I have brought many many kitties home from shelters to foster them, only to have them break down within hours after coming to my home and become desperately ill, even though they were perfectly fine at the shelter just hours before :-( :-(. It is almost as if they were waiting for a safe place to collapse, augh!

As for the purring, small cats will do that to make themselves feel better, depending on the behavior that accompanies it, it doesn't necessarily mean they are happy. It is just as likely they are purring and extremely frightened :-(.

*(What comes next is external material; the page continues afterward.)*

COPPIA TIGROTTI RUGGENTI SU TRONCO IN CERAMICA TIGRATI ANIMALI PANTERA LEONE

In this same vein, how old is this kitty? The age will tell you a LOT about how to treat the kitty. For example, very young kitties, like babies, are much more likely to have gastrointestinal issues as their GI systems are still forming, while older cats are more likely to get upper respiratory infections when going to a new home. So it would be helpful to tell us his age :-)

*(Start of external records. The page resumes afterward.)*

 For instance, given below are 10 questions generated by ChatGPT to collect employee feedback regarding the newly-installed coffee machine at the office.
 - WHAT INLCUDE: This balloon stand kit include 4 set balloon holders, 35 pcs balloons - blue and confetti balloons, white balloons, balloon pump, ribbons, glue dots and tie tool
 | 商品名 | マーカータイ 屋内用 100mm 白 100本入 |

You were saying you adopted him for your three year old. Based on his current physical symptoms, as well as his hiding, I think for now you need to put him in his own small room, in a quiet place away from your 3 year old. Give him a warm towel like his mommy would feel warm to him and let him be in a darkened area, since he is hiding in a darkened area :-( :-(. Introductions should be very slow and monitored. The cat is just as much of a baby no matter what age- as your own baby, and the cat needs a mommy (you) to protect it as much as your own baby. I hate to say this, but all the noise and commotion of the holiday coming, he should be kept away from this as it is all off-schedule and too much for him right now :-(. Maybe you can put him away and distract your three year old with something more exciting like Santa? Making the kitty the center of Christmas is just a bad idea with this particular kitty. 

For diarrhea with cats, you can buy some canned pumpkin (just plain pumpkin) and take a finger-ful and wipe your finger off on the kitty's tongue from the side. do that a few times and the kitty should get enough in to help the diarrhea. And for the throwing up, you don't mention the age of this kitty, but if it is a kitten, you need to be very concerned about dehydration because they can die really fast from not eating and/or vomiting and having diarrhea. You can tell if he is dehydrated by pinching the skin on his neck. If healthy, it should fall back loosely, if dehydrated it will stay rigid and not fall back loosely. 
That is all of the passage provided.